Комбинация отобранных в сюжете сериала "Разделение" элементов вполне прозрачно указывает на реально существующие проблемы капитализма. В конце концов, важно не то, что кинематографист субъективно декларирует (что Стиллер, что Эриксон ни в одном из интервью не дали себя заподозрить в марксистских симпатиях), а то, что объективно проступает сквозь его произведение.
Первая часть статьи про "Разделение"
Случайное и закономерно
Впрочем, Эриксон и Стиллер разрабатывали историю не в одиночку. Они трудились в так называемой сценарной комнате, в которой присутствует множество сценаристов, которые в режиме постоянного мозгового штурма набрасывают различные идеи, часть из которых потом оказываются в сериале. Не мог ли в сценарную комнату проникнуть какой-нибудь законспирированный марксист, устроивший эдакую идеологическую диверсию, разбросав то тут, то там верное классовое понимание действительности?
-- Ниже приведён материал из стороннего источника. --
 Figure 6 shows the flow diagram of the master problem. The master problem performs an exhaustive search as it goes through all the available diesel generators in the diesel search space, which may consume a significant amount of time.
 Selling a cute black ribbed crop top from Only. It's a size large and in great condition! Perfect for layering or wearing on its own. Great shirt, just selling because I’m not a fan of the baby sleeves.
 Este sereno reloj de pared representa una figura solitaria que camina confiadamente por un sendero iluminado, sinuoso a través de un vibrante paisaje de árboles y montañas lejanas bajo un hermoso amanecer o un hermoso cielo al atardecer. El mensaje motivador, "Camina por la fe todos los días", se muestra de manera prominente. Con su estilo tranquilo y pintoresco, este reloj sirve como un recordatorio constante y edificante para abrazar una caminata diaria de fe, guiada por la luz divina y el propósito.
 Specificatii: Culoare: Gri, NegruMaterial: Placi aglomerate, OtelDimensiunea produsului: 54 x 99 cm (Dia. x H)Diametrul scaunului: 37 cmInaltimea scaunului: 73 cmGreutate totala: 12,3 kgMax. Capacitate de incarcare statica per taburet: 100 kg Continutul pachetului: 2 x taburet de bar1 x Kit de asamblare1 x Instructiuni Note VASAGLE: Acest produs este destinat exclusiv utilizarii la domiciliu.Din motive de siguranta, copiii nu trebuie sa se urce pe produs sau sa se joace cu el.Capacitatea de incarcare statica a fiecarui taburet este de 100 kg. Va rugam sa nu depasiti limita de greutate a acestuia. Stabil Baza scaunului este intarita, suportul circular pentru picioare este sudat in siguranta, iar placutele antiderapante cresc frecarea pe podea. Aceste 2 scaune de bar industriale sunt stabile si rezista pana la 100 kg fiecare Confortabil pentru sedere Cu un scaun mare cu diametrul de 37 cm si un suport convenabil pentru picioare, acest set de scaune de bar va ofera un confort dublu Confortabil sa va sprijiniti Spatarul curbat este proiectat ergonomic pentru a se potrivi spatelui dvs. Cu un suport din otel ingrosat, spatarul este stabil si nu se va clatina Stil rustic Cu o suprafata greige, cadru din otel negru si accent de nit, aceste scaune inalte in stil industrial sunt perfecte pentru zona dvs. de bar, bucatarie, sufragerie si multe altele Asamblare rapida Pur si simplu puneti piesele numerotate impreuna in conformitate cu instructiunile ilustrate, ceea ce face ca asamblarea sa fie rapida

Ведь по каким-то причинам «внешник» Марка С., которого в обычной жизни зовут Марк Скаут, носит советские командирские часы с красной звездой; он также по профессии в прошлом историк, специализирующийся на Первой мировой войне, и в диалоге на вечеринке с друзьями его сестры дается намек на мировоззрение Марка. Объясняя общей знакомой суть разделения, один из гостей говорит:
— И наоборот, когда ты на работе, ты ничего не помнишь о себе извне. По сути «другой ты» сидит там на работе, взаперти. Ну, точнее не взаперти, а…
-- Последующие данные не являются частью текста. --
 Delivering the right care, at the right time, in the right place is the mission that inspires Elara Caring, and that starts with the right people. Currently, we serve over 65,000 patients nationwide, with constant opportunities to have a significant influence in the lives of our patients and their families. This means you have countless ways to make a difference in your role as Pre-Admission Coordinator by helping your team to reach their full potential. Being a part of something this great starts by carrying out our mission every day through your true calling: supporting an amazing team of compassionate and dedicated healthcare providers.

Марк перебивает его: — А что? Нет-нет, интересно, что ты хотел сказать? Не взаперти, а — что? Излагай.
И знакомая, с которой они оба ведут беседу, заключает:
— Полагаю, всем ясно, какие у тебя политические взгляды…
Даже имя его «рабочей» сущности слитно читается как Маркс (Mark S. трансформируется в Marks). И если последнее действительно больше походит на случайность, то командирские часы вкупе с «ясными политическими взглядами» случайностью объяснить уже не удастся.
Тем не менее, примем это всё за случайное. Такие аллюзии (сознательные или бессознательные) могли в фильме и не появиться, т.к. они напрямую не влияют на драматургию. Но в мире «Разделения» фигурирует ряд очень важных марксистских положений и без всяких отсылок.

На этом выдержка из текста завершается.